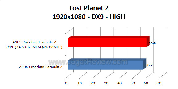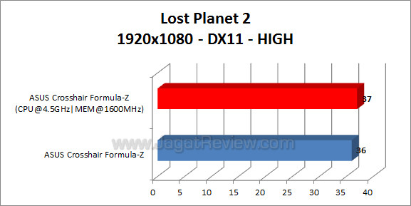 Lost Planet 2 adalah salah satu game 3rd person action yang cukup populer di pasaran. Maka dari itu kami menggunakan game ini sebagai salah satu barometer performa bagi pengujian hardware. Pengujian kami lakukan di mode DirectX 9.0 dan DirectX 11.0 menggunakan benchmark internal dari game ini sendiri.
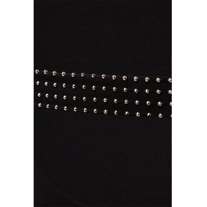 Das Slip-On-Stück Hat Einen Offenen Rücken, Der Mit Einem Band Aus Glitzernden Metallnieten Geschmückt Ist
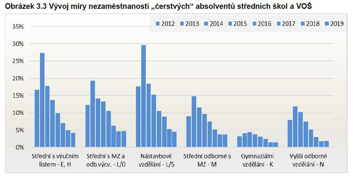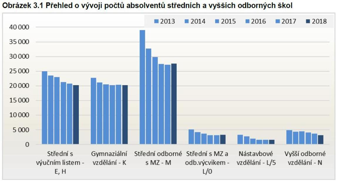 V tomhle vzdělávacím segmentu je to trend. I tak je v Česku počet absolventů s výučním listem skoro stejný jako na gymnáziích, a těch se středním odborným vzděláním s maturitou daleko nejvíc.

### Task brief
Reproduce the data above line for line, from its first line through the line containing "Das Slip-On-Stück Hat", both ends included, with the pictures omitted and nothing more.

### Completed exercise
 Lost Planet 2 adalah salah satu game 3rd person action yang cukup populer di pasaran. Maka dari itu kami menggunakan game ini sebagai salah satu barometer performa bagi pengujian hardware. Pengujian kami lakukan di mode DirectX 9.0 dan DirectX 11.0 menggunakan benchmark internal dari game ini sendiri.
 Das Slip-On-Stück Hat Einen Offenen Rücken, Der Mit Einem Band Aus Glitzernden Metallnieten Geschmückt Ist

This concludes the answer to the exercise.